Robots Talos et iCub dans la salle robotique d'Inria Nancy
© Jean-Baptiste Mouret

Un robot avatar piloté par téléopération

L'utilisation du robot Talos est une "téléopération immersive" : il ne faut pas imaginer un robot laissé à lui-même mais plutôt un avatar envoyé sur un terrain dangereux ou impraticable et opéré par un humain qui le contrôle à distance. Talos reçoit ses ordres et suit les gestes d'un opérateur équipé d'un casque de réalité virtuelle et d’une combinaison de capture de mouvements : l'Homme et la machine bougent ensemble.

Il existe aujourd'hui de nombreuses machines - des bras articulés notamment - qui peuvent être téléopérées, mais la téléopération immersive explorée sur Talos se joue à une autre échelle, avec le corps complet du robot, et un corps robotique humanoïde. « Talos ne fait pas qu'imiter son opérateur, il adapte son mouvement à sa propre dynamique, sa force et son poids pour imiter l’humain sans tomber ou faire de mauvais mouvements. » Le robot est accueilli au centre Inria Nancy - Grand Est par Jean-Baptiste Mouret, directeur de recherche et spécialiste du machine learning (apprentissage automatique) appliqué à la robotique. Avec Serena Ivaldi, chercheuse Inria qui apporte ses compétences en robotique humanoïde et en interaction humain/robot, ils travaillent en binôme. Talos est bien encadré.
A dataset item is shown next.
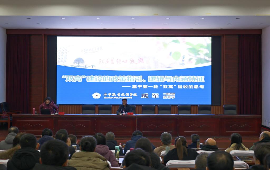 本站讯  1月9日上午,“开大讲坛”系列报告第二十讲在行政楼第一会议厅举行。金华职业技术学院总督学、学术委员会主任、二级教授成军,应邀作了“‘双高’建设的政策指引、逻辑与内涵特征---基于第一轮‘双高’验收的思考”的主题报告。全体校领导班子成员、中层正副职干部、院部副科级干部(含教研室主任)到场聆听。报告由副校长万是明主持。
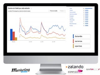 Le document analyse les stratégies de référencement de trois acteurs majeurs de la vente en ligne de chaussures : Zalando, Sarenza et Spartoo. Il évalue leurs performances en SEO et SEA, ainsi que leur positionnement sur Google pour plusieurs requêtes liées aux chaussures. L'analyse inclut également des données sur leur présence et interactions sur les réseaux sociaux.

Reciblage du corps entier sur le robot Talos

L'équipe LARSEN aux commandes de la robotique

Ces deux scientifiques sont arrivés au centre Inria de Nancy en 2014 pour participer à la création de l'équipe LARSEN. Cette équipe d'une trentaine de personnes mène des recherches à l'intersection de l'apprentissage automatique et de la robotique pour imaginer des robots capables d'affronter l'inconnu, d'apprendre de leurs erreurs et d'interagir avec d'autres robots ou des êtres humains. Serena Ivaldi et Jean-Baptiste Mouret y chapeautent les recherches sur la robotique humanoïde. Avec Talos, les deux chercheurs peuvent s'appuyer sur une solide expérience acquise après plusieurs années de travaux chez Inria et dans leurs précédentes institutions.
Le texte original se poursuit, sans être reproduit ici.